Requirement = Using the listing below, give again exactly the lines from the line with "A person sketching" to the line with "Жилет UHYTGF Женский, модный", inclusive, without the pictures.

Given records =
============
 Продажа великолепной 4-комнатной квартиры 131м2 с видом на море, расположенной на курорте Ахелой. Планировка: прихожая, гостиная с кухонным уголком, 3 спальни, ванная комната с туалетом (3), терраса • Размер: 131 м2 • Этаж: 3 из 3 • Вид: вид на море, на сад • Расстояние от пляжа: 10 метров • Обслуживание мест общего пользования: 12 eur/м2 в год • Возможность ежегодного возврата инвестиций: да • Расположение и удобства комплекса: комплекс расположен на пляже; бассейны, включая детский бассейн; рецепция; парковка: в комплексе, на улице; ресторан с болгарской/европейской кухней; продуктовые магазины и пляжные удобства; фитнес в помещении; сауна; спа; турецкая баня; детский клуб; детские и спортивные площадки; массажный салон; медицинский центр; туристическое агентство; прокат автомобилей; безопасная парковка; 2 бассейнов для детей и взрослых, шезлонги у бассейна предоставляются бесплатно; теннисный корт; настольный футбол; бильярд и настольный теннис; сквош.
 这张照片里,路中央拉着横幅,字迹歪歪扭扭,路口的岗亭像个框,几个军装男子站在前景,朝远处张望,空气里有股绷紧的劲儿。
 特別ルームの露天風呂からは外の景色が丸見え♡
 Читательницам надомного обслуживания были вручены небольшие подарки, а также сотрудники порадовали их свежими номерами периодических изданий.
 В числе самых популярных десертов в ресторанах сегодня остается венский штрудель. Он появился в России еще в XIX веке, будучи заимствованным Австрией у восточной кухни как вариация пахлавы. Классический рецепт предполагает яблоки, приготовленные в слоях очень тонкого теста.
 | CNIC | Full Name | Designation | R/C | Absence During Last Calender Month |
============
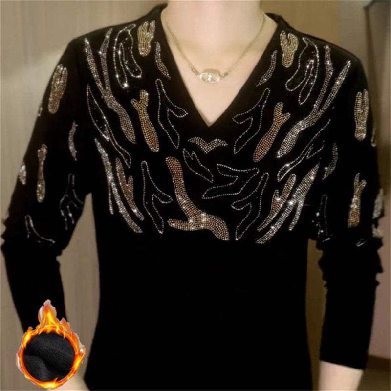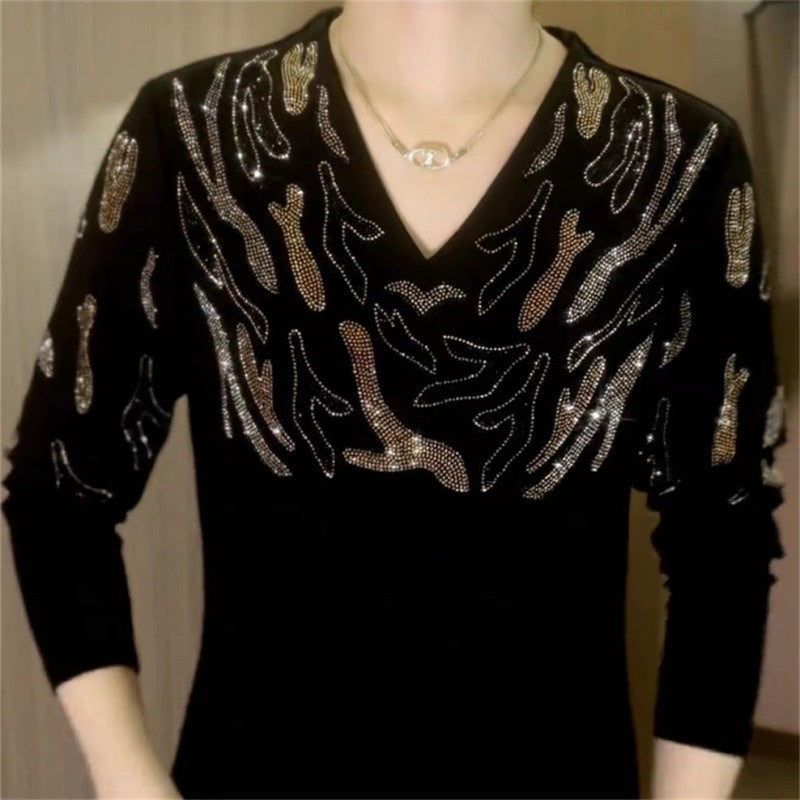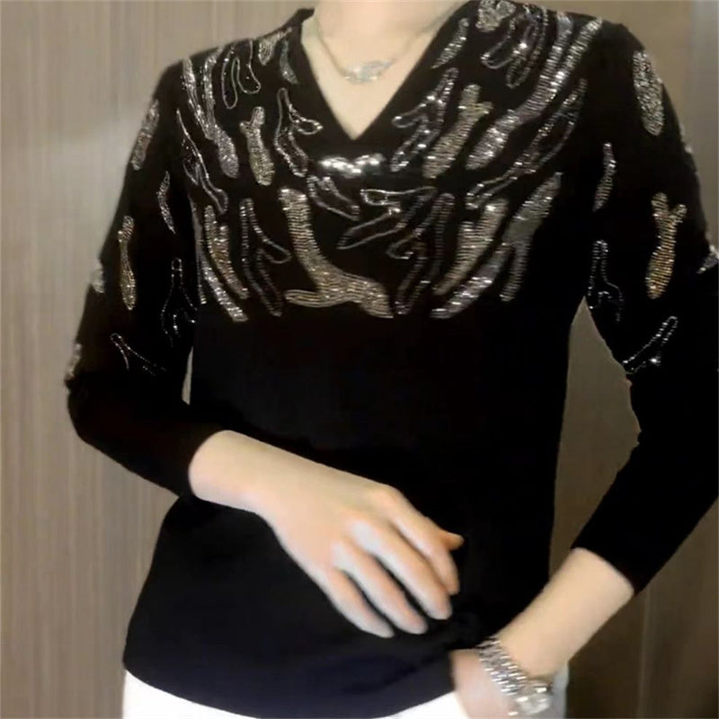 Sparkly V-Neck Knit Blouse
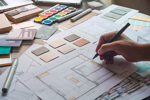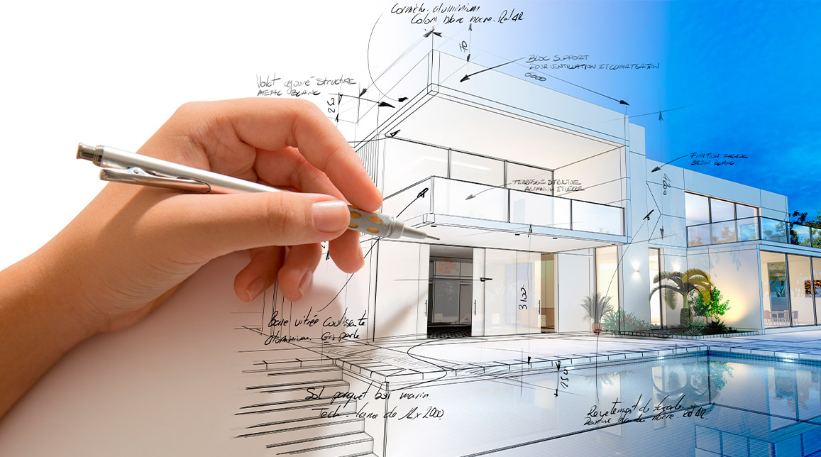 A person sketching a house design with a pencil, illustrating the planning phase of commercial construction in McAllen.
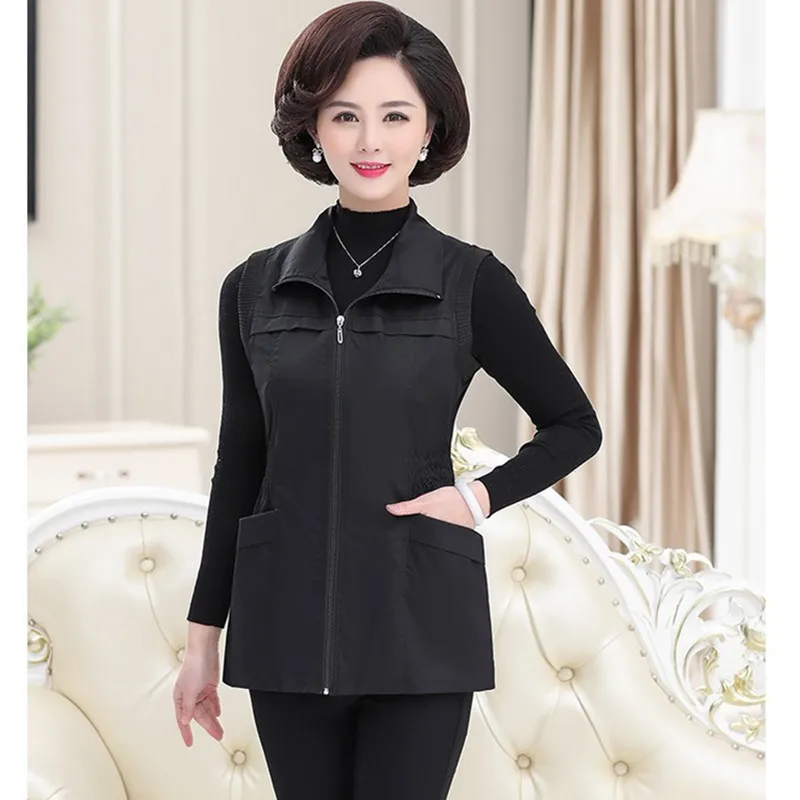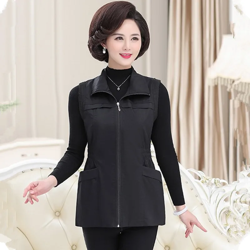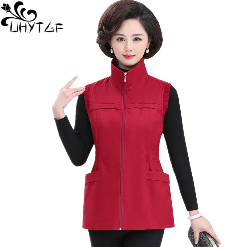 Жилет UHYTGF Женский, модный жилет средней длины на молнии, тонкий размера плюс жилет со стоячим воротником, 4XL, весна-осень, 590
============
Response to this exercise =
 A person sketching a house design with a pencil, illustrating the planning phase of commercial construction in McAllen.
 Жилет UHYTGF Женский, модный жилет средней длины на молнии, тонкий размера плюс жилет со стоячим воротником, 4XL, весна-осень, 590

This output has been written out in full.